I think a) r2_test is called Accuracy in the paper, b) symbolic_model means the symbolic expression as a result of training on strogatz_bacres1 c) whereas the true symbolic expression is associated with true_model.

Is my understanding correct for all a), b), c)?

a) correct, also R2 defined in section 4.3
b) Yes, however, we applied post-run simplification to the models as described above. Models are compared on the simplified_symbolic_models key.
c) Yes.

Also, is the above symbolic_model expected as output of AFP_FE for strogatz_bacres1? Since the method is the 2nd best for ground-truth datasets shown in Fig. 3, and I expected a clearer expression.

simplified_symbolic_model will be simpler, but also the overall solution rate for strogatz problems is relatively low, and may be even lower for bacres1. Would have to check .

2. How is the solution rate derived?

Could you please clarify how the solution rate in Fig. 3 is derived?
Did you manually compare the produced expression symbolic_model to the true expression true_model and consider it solved only when the produced expression exactly matches the true one?

No, solution rates are derived computationally, as show in groundtruth_results.ipynb.

Or if it is fully based on Definition 4.1 (Symbolic Solution). in the paper, what values of a and b are used in Fig. 3?

a and b can be any values subject to the definition constraints, because we are using sympy to symbolically compare the equations.

3. Operon build failed

On Ubuntu 18.04 and 20.04, operon build with your provided install.sh failed due to version discrepancy between libceres-dev (expects Eigen 3.4.0) and libeigen3-dev (the latest available version is 3.3.7). I even tried to build Eigen v3.4.0 from source, but still the build failed.
Do you remember how you setup the dependencies for Operon?

paging @foolnotion.
I'm not sure but it sounds like you're using the debian package for ceres, whereas I am using ceres-solver 2.0.0 in the environment.yml file.

4. Commands to reproduce the results in Fig. 3

Could you provide the exact commands to reproduce the results in Fig. 3?

groundtruth_results.ipynb

Also, how should we determine -time_limit ?

we used 9:00, but methods are also limited internally (where possible) to 8 hours for symbolic problems.

5. Computing resource and estimated runtime

To estimate how long it will take to reproduce the results in Fig. 3, could you share the detail of computing resource used in the paper e.g., how many machines of 24-28 core Intel(R) Xeon(R) CPU E5-2690 v4 @ 2.60GHz chipsets and 250 GB of RAM are used and (rough) estimated runtime to get the results if you remember?

We used a cluster with ~1100 cores, meaning we were able to run ~1000 jobs simultaneously. The maximum core hours for training the models is given in Table 2, assuming all methods use the whole budget (which is not the case). For ground truth datasets, ~440K core hours, with 1000 cores is 440 hours or 18 days. I recall it actually taking about 2 weeks and symbolic model assessment taking about 2 days.
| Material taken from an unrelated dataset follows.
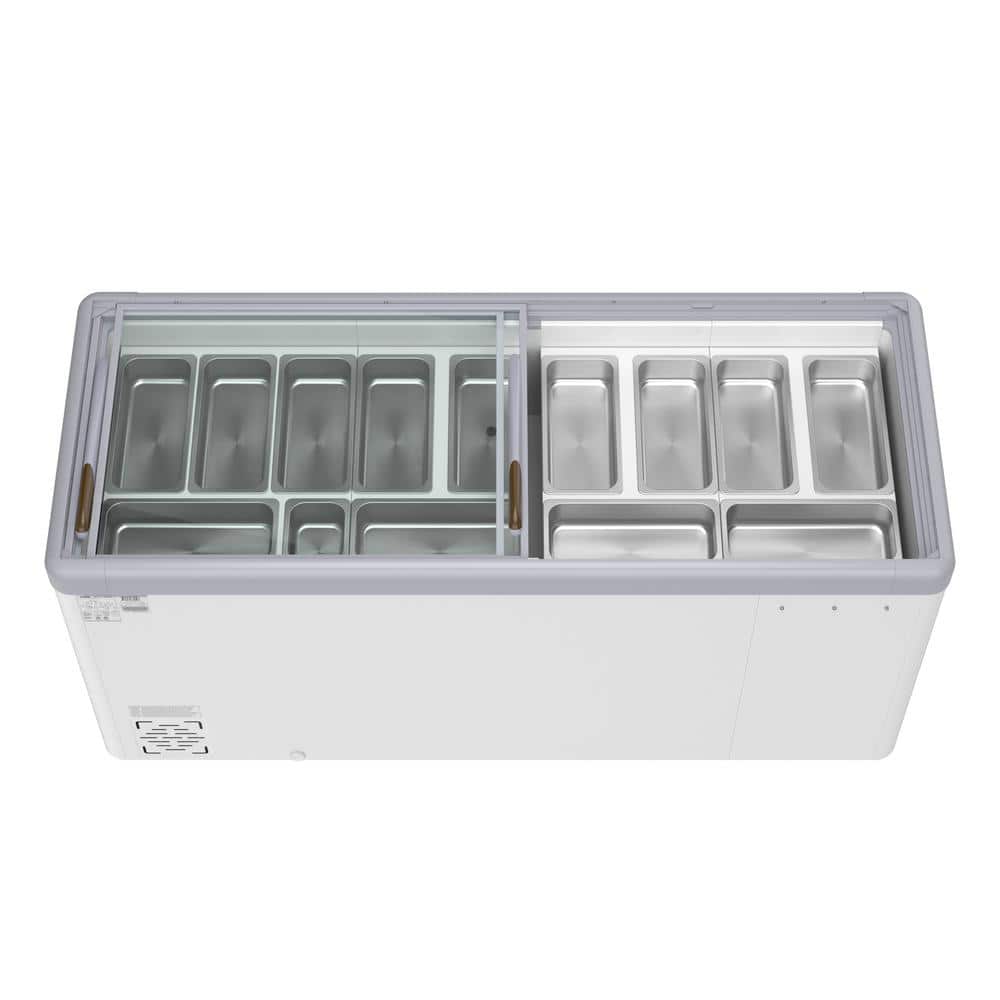 This Gelato Dipping Cabinet will help you store and serve Gelato with style; when the summer is at its peak, nothing helps cool you down faster than a delicious Gelato cone. If you're a small business, Gelato shop, or cafe, you want to be able to display your Gelato like a professional while also making it easier for customers and staff to get to the good stuff. Introducing the ultimate tool for serving and displaying your delicious gelato creations. The Gelato Dipping Cabinet. Our cabinet is designed to keep your gelato at the perfect serving temperature while showcasing your flavors to your customers. Its sleek and modern design will add a touch of elegance to any gelato shop, cafe, or restaurant. Made with Rust-Resistant steel walls, we want to maintain freshness and quality in your Gelato, so the interior walls on our stainless-steel dipping cabinet are pre-coated for rust and corrosion resistance. As an all-in-1 unit explicitly designed for Gelato, our free-standing dipping cabinet lets you store Gelato at just the right temperature, display it freely for all your customers to see, and then serve it up with less effort thanks to top-down access.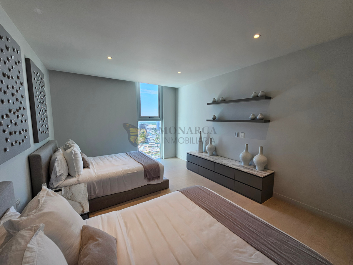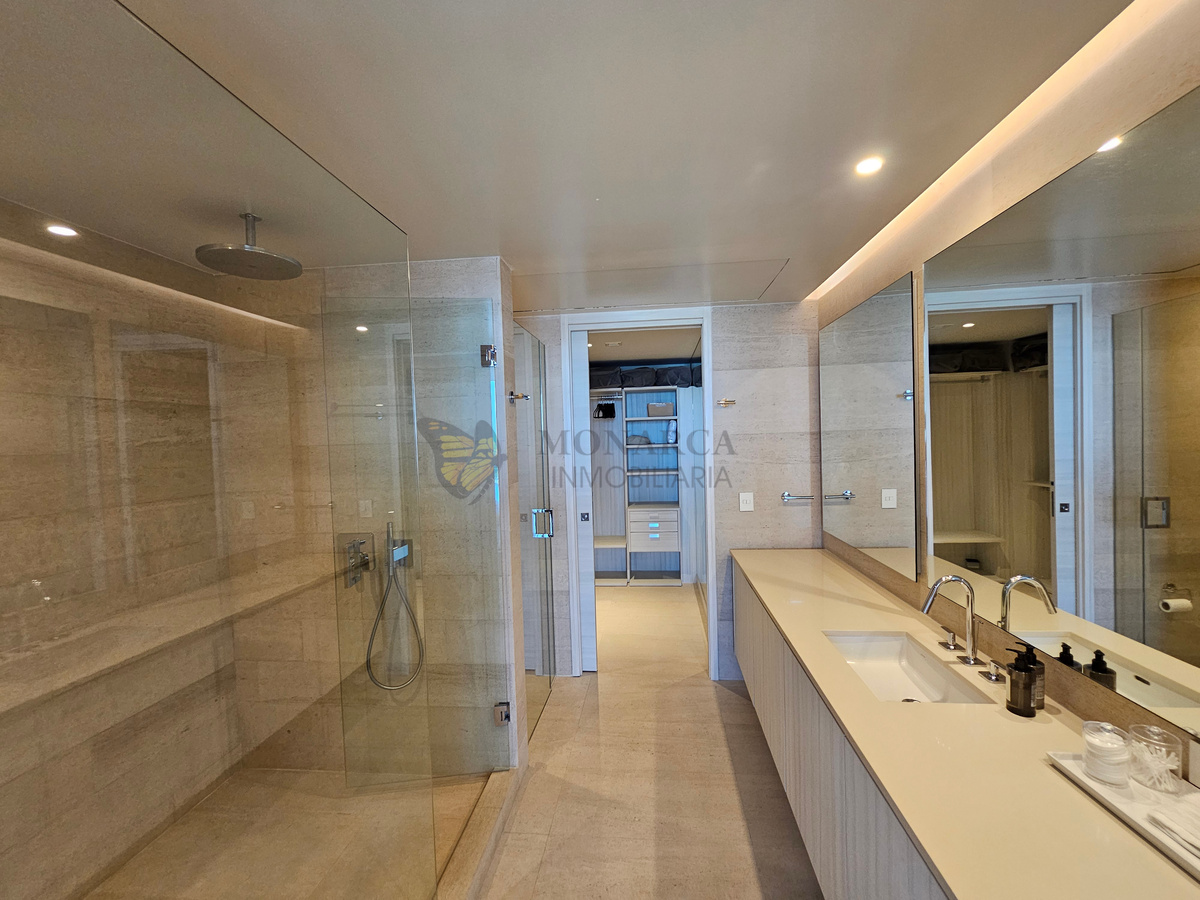 DONDE UN DISEÑO PERFECTO ENCUENTRA LA BELLEZA DE LA NATURALEZA –– Elegante elevador privado –– Techos de casi tres metros de altura en acabado liso en áreas comunes e interior del departamento –– Ventanales de piso a techo en vidrio laminado de baja emisividad para ahorro de energía –– Espaciosas terrazas de más de dos metros de profundidad, con barandales de cristal, y acceso desde las salas y dormitorios de cada residencia, con puertas corredizas de piso a techo, terrazas de diseño envolvente en todas las unidades de las esquinas –– Pisos de mármol seleccionados por Piero Lissoni –– Cocinas de diseño italiano de Italkraft, con la colaboración de Piero Lissoni, que incluyen electrodomésticos integrados de última generación GE Monogram de primera línea –– Baños con muebles de diseño italianos con lavamanos con cubierta en piedra importada y espejos de cuerpo completo. Lavamanos dobles en los baños principales. Amplias duchas con cerramiento de cristal. Pisos y paredes en piedra natural. Grifos de diseño. –– Amplios vestidores y clósets en magníficos diseños italianos en todas las habitaciones –– Planos de distribución diseñados para maximizar el uso de espacios y vistas –– Todas las residencias cuentan con dos cajones de estacionamiento

On a machine with 4-core CPU, 128GB RAM and 2 GPUs, even strogatz_bacres1 (400 samples) is taking more than a day to complete python analyze.py -results ../results_sym_data -target_noise 0.0 /path/to/pmlb/datasets/strogatz_bacres1/strogatz_bacres1.tsv.gz -sym_data -n_trials 10 -time_limit 9:00 -tuned --local

That is not surprising to me. Some of the benchmarked methods have very slow implementations.

Because of my access to a big cluster, I have offered to benchmark methods that are submitted to this repo, pending cluster availability. It is a lot of compute.
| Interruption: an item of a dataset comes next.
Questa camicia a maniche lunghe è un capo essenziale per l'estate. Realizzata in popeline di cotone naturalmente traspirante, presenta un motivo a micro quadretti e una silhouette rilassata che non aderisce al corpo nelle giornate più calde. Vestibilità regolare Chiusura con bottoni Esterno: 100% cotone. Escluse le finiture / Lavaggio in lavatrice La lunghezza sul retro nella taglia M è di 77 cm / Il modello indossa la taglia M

Sorry for many questions, but your responses would be really appreciated and helpful for using this great work in my research.

Thank you!

Thanks for the detailed questions and let me know if anything is unclear.

@folivetti
Copy link
Contributor

regarding Operon maybe running source activate srbench before running instal.sh solves the issue.
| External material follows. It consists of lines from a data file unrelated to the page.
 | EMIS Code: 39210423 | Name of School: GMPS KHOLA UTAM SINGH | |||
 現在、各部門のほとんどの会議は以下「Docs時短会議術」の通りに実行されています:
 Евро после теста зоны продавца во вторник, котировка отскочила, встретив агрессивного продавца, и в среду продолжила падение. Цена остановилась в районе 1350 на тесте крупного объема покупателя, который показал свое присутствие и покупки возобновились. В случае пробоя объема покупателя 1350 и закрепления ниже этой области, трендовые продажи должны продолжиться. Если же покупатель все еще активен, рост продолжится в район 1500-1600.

In any case, I had another compilation problem and @foolnotion helped me out with a patch:

remove the following from environment.yml:

  • pybind11=2.6.1
  • tbb-devel=2020.2

then add the following into environment.yml:

  • taskflow=3.1.0
  • pybind11=2.6.2

in srbench/experiments/methods/src/operon_install.sh remove the line:

git checkout 015d420944a64353a37e0493ae9be74c645b4198

@foolnotion
Copy link
Contributor

@yoshitomo-matsubara It's best to let conda handle all the dependencies and not mix system libraries with conda/vcpkgs/etc. The Ceres cmake module will complain if the Eigen version detected is different from the version Ceres itself was compiled with.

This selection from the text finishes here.